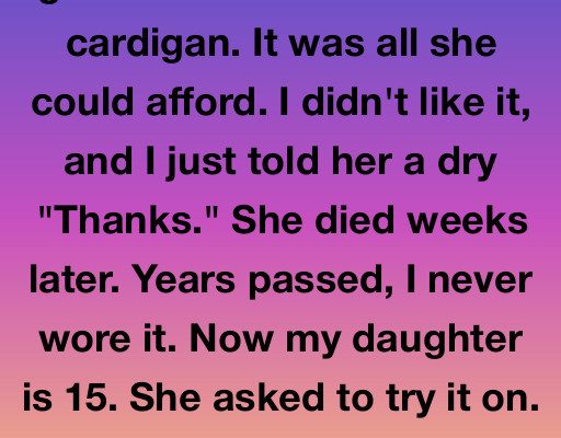 She got married. And one day, she had a daughter of her own. On her daughter’s fifteenth birthday, she came over holding the cardigan.
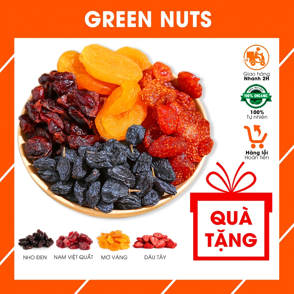 Freeship- TRÁI CÂY SẤY DẺO Green Nuts, Mix vị Mơ sấy dẻo, Dâu tây, Nho đen và Nam việt quất ĂN VẶT MẸ BẦU/ ĂN KIÊNG/ GIẢM CÂN mua tại đây
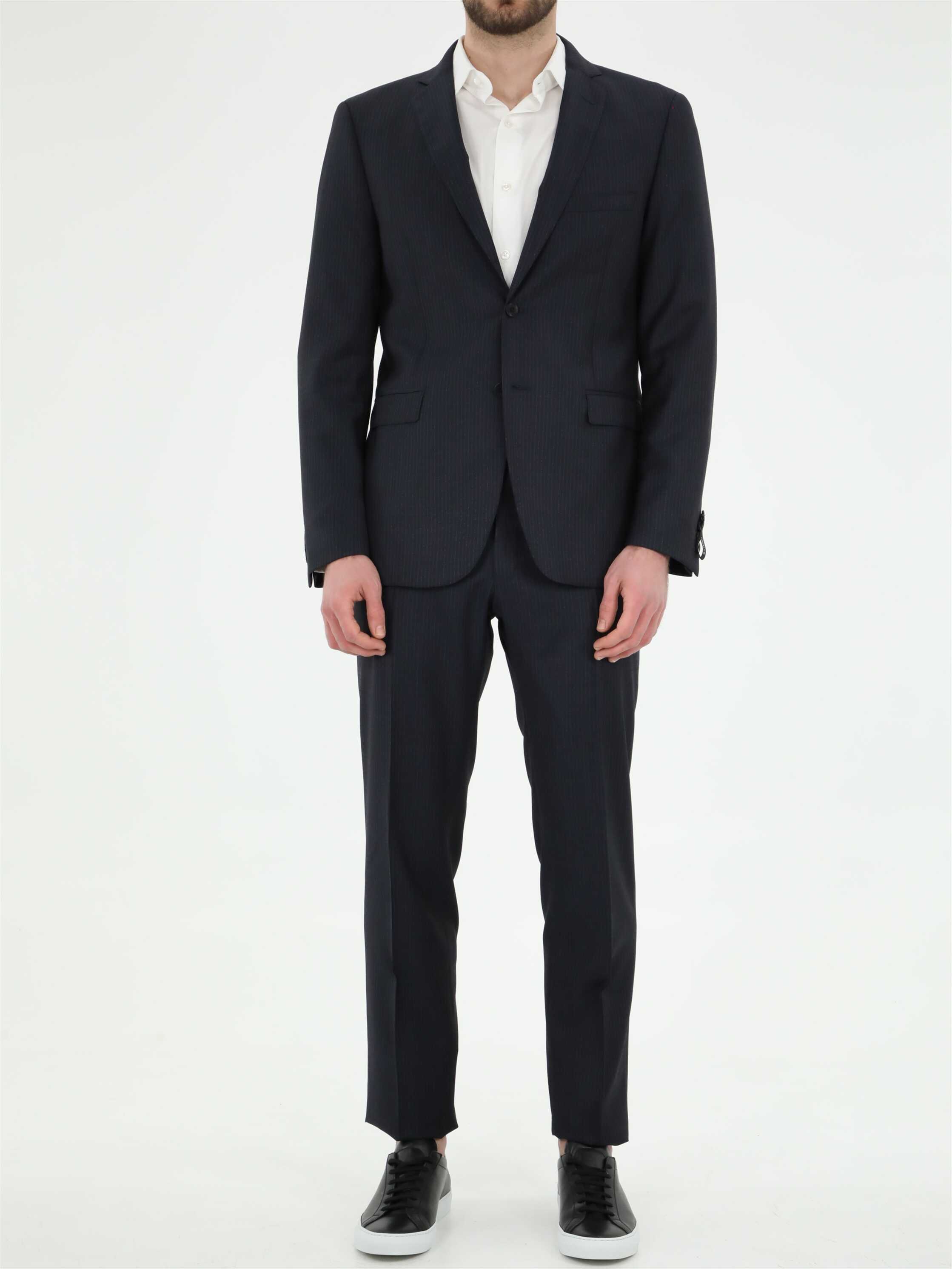Two-pieces blue wool pinstripe suit. Jacket with single-breasted closure with front buttons, peaked lapel, two front flap pockets, one welt pocket on chest and buttoned cuffs. Trousers feature straight leg, two side welt pockets and one rear welt pocket with button.
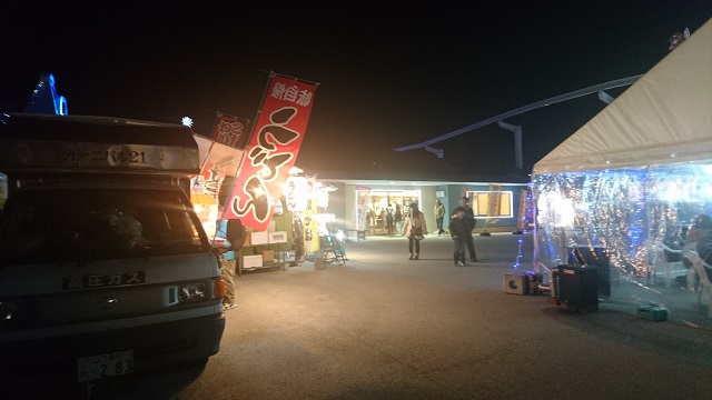 他にもイルミネーションでキラキラしたキッチンカーやオート三輪みたいなキッチンカーが来てました。わが家はほかの屋台で焼きそば買いましたが。
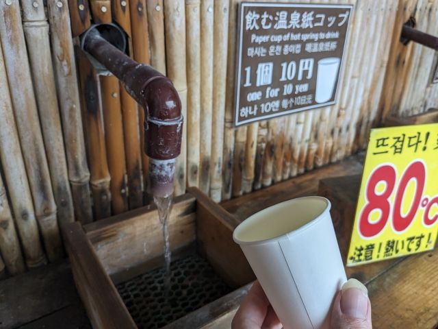 こちらは「飲む温泉」。10円の紙コップで温泉水を飲むことができます。温度は約80℃となかなか高温なので少しずつ冷ましながら飲まないとキケン。
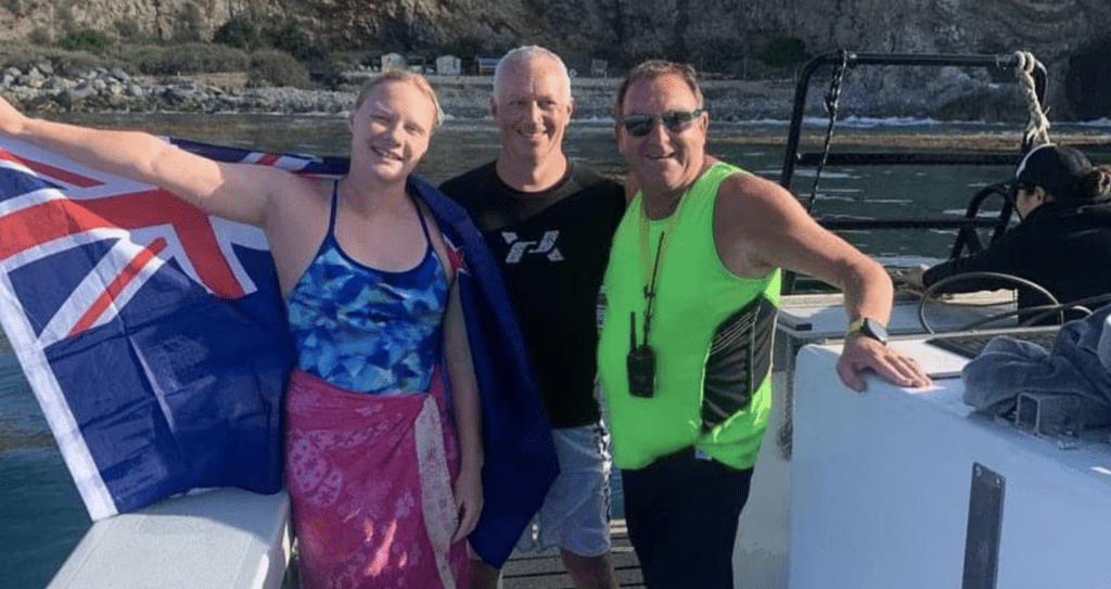 O’Reilly posted on Facebook, “[It was] a great swim. I pushed myself hard and am happy with how it all went. 6 out of 7 Oceans Seven done [with] only one left, Molokai Channel in Hawaii. Thanks so much to the team Bottom Scratcher for all the support and a great day on the water.
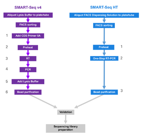 SMART-Seq v4和SMART-Seq HT工作流程的比较
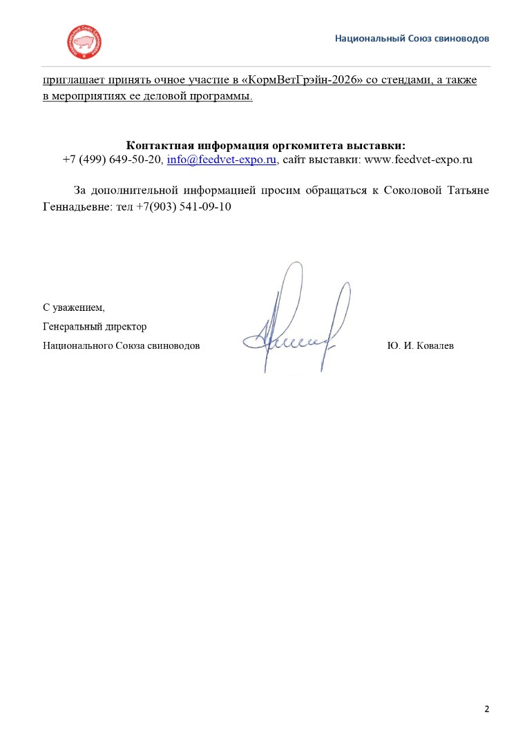Национальный союз свиноводов приглашает к участию в "КормВетГрэйн-2026"
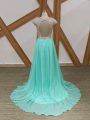 Short Sleeves Brush Train Beading Backless Evening Party Dresses
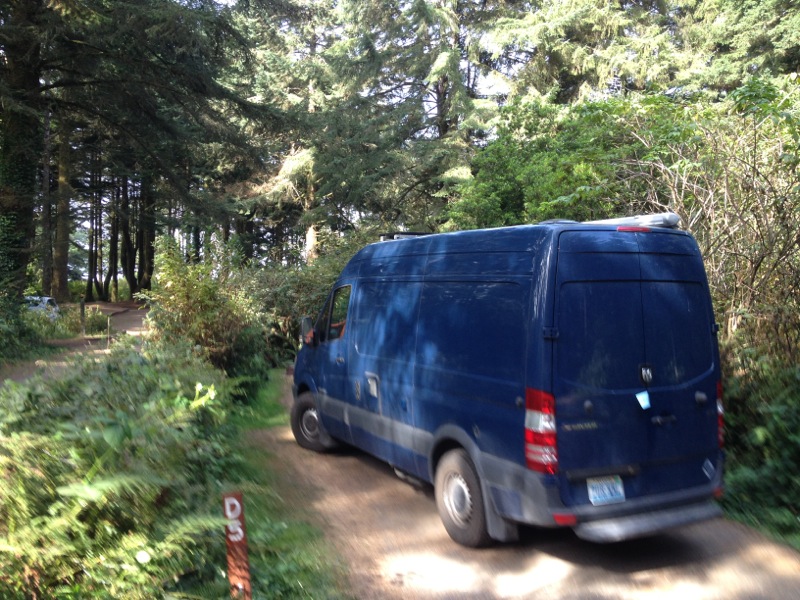 All along the coast I'm finding that August really is different from October. Not too many open sites left at 5:15! Also, a really long, "get out the crossword puzzle" wait at the gate for the dude in a Greyhound bus-sized camper to get his s--t together. This is why I am down on state campgrounds - the least pleasant and scenic spot of this trip for a third again as much money as the next most expensive. I am looking forward to that Oregon state provided shower tonight though...

**About this exercise**
From the records above, copy exactly the stretch from the line holding "他にもイルミネーションでキラ" through the line holding "こちらは「飲む温泉」。10円", both ends included, without the pictures.

**Answer box**
 他にもイルミネーションでキラキラしたキッチンカーやオート三輪みたいなキッチンカーが来てました。わが家はほかの屋台で焼きそば買いましたが。
 こちらは「飲む温泉」。10円の紙コップで温泉水を飲むことができます。温度は約80℃となかなか高温なので少しずつ冷ましながら飲まないとキケン。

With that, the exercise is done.